Прямых влияний не было. Вообще Матвеева, как и Долина, из всех томов лирики Маршака больше всего любила третий, то есть переводческий. Я думаю, что Бернс не влиял напрямую, но тоску вы упомянули правильно. Несмотря на такую декларированную радость, подкрепленную алкоголизмом, Бернс, конечно, поэт тоски. Есть даже такой термин – «шотландская тоска», как древнерусская тоска. «Шотландская тоска» – это такая тоска вересковых полей.
Ее глупо было бы сводить к национальным или социальным причинам. Еще глупее – к биологическим, к таким похмельным. Любой, кто бывал в Шотландии; любой, кто читал шотландскую поэзию, знают эту тоску туманных полей вересковых. Ведь и Стивенсон шотландец, и баллада про вересковый мед – это шотландская легенда. Это совсем не та боевитая сепаратистская Шотландия. Шотландия – это тихая, робкая грусть. Отчасти, конечно, это, может быть, детерминировано пейзажем, а отчасти – это какое-то самоощущение отдельной жизни внутри большой империи. Шотландия ведь очень отдельна, все-таки. Она совсем другая. Шотландский характер своей готичностью напоминает белорусский, вот эти болота и поля, где страх властвует безраздельно.

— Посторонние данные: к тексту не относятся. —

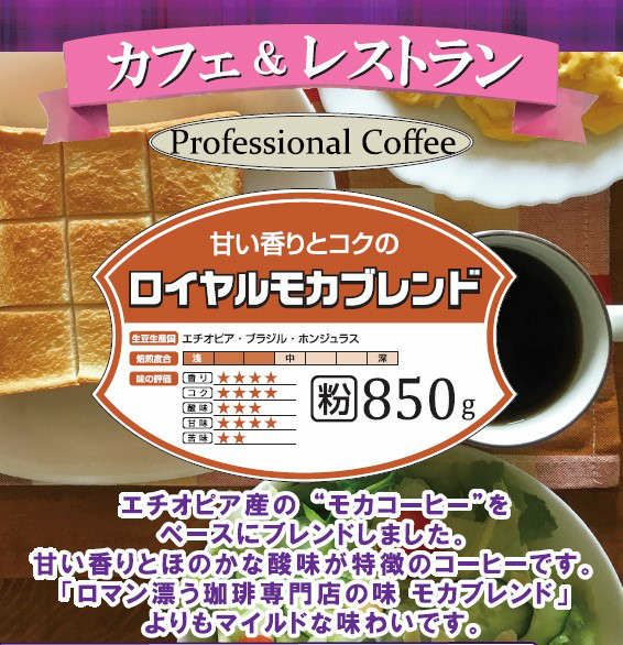 エチオピア産モカコーヒーをベースにブレンドしました。甘い香りとほのかな酸味が特徴のコーヒーです。「ロマン漂う珈琲専門店の味 モカブレンド」よりもマイルドな味わいです。

Роберт Бернс – это поэт не столько радости и застолья, сколько это поэт меланхолический. Как ни странно, главная причина меланхолии – это возраст, он очень боялся старости. И старость – это одна из тем его песен, его лирики. С одной стороны, он любит родную старину («Auld Lang Syne»), но при этом тоска по молодости начинается чуть ли не с 18 лет, как и у всякого романтического поэта. Бернс – это в некотором смысле страх перед временем, страх за бренность всеобщую. Ну вот как в его стихотворении «Полевой мыши, чье гнездо разорено моим плугом». Бернс действительно очень остро ощущает преходящесть силы, славы, удачи. Он не политический поэт, вот это очень важно. Он – поэт жизни, а мирная жизнь, жизнь тихая – довольно печальное занятие. Это время иссякания, деградация, оскудения. Вот это у Бернса очень чувствуется, даже в «Веселых нищих». Пожалуй, в «Веселых нищих» с особенной остротой. Это такая прелестная кантата.